Assigned task:
Would you copy the records below, exactly and only from their first line through the line containing "Fabriqué avec soin", without any pictures?

[Collection entries]

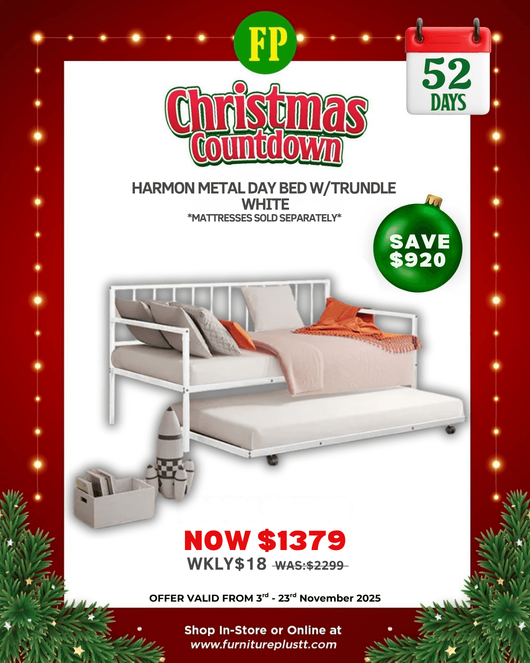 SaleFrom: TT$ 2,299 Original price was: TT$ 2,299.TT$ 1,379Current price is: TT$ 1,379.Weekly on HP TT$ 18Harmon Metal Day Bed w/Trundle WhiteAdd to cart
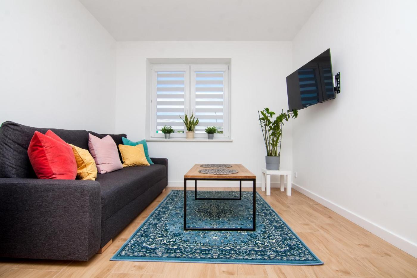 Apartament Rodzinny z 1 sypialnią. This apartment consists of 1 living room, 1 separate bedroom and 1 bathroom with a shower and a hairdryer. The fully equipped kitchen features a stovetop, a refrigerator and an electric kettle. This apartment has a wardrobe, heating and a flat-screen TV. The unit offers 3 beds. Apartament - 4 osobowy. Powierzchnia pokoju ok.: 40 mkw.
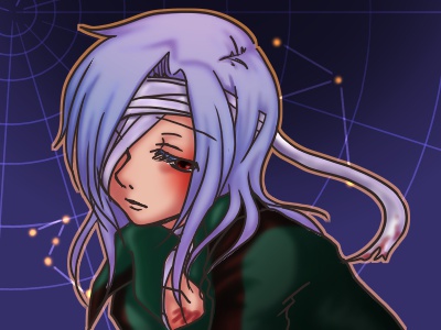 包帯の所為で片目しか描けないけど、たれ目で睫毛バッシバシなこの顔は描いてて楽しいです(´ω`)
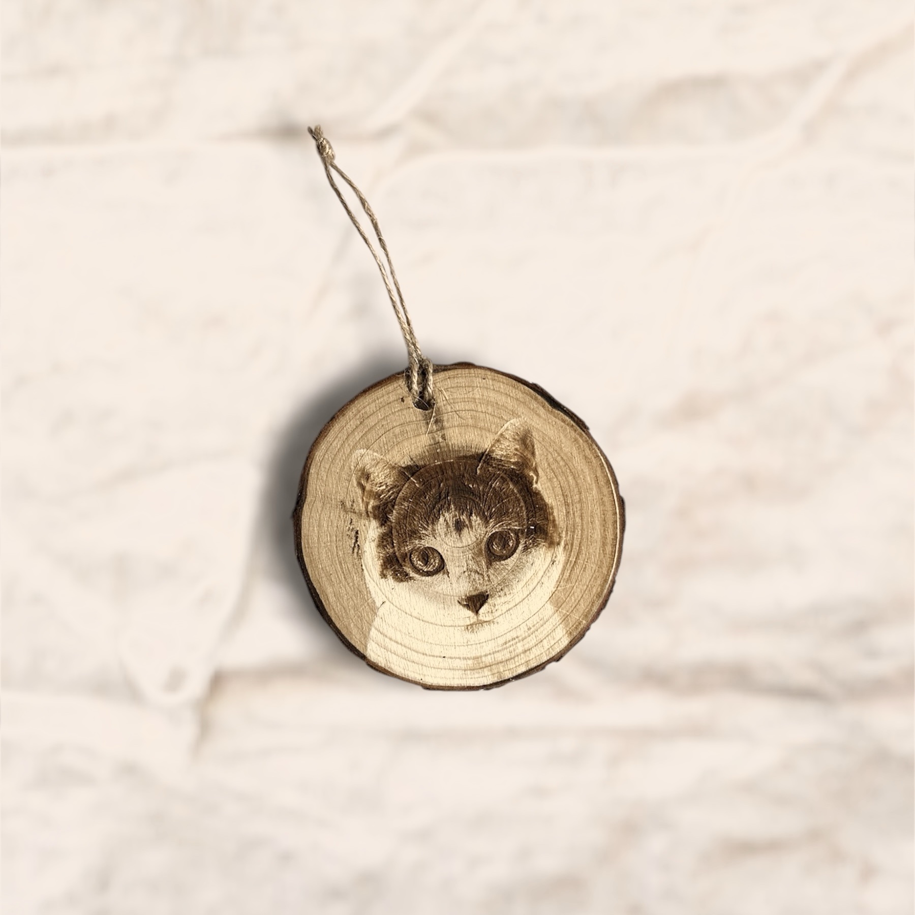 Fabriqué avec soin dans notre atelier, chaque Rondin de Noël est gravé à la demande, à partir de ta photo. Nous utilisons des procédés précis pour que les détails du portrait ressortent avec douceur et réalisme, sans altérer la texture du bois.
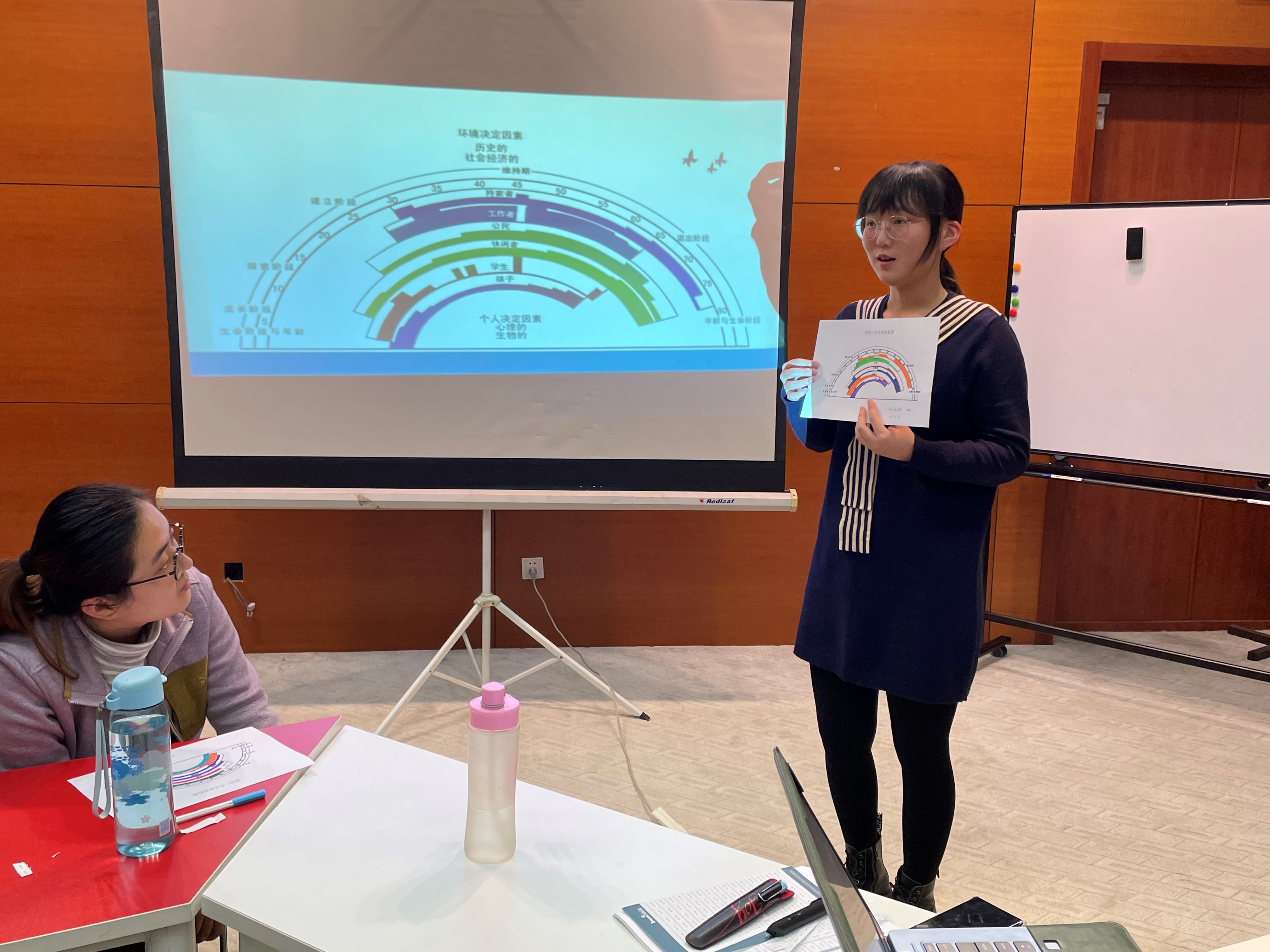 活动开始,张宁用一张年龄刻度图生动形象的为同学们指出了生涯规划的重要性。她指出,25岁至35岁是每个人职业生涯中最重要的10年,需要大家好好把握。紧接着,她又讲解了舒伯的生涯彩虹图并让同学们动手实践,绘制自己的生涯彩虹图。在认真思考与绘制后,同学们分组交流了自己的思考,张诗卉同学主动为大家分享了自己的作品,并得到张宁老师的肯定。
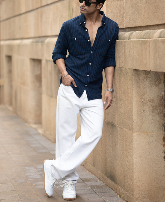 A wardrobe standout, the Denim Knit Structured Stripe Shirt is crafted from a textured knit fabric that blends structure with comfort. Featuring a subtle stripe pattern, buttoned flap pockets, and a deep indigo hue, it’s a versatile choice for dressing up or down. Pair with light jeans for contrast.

Result:
 SaleFrom: TT$ 2,299 Original price was: TT$ 2,299.TT$ 1,379Current price is: TT$ 1,379.Weekly on HP TT$ 18Harmon Metal Day Bed w/Trundle WhiteAdd to cart
 Apartament Rodzinny z 1 sypialnią. This apartment consists of 1 living room, 1 separate bedroom and 1 bathroom with a shower and a hairdryer. The fully equipped kitchen features a stovetop, a refrigerator and an electric kettle. This apartment has a wardrobe, heating and a flat-screen TV. The unit offers 3 beds. Apartament - 4 osobowy. Powierzchnia pokoju ok.: 40 mkw.
 包帯の所為で片目しか描けないけど、たれ目で睫毛バッシバシなこの顔は描いてて楽しいです(´ω`)
 Fabriqué avec soin dans notre atelier, chaque Rondin de Noël est gravé à la demande, à partir de ta photo. Nous utilisons des procédés précis pour que les détails du portrait ressortent avec douceur et réalisme, sans altérer la texture du bois.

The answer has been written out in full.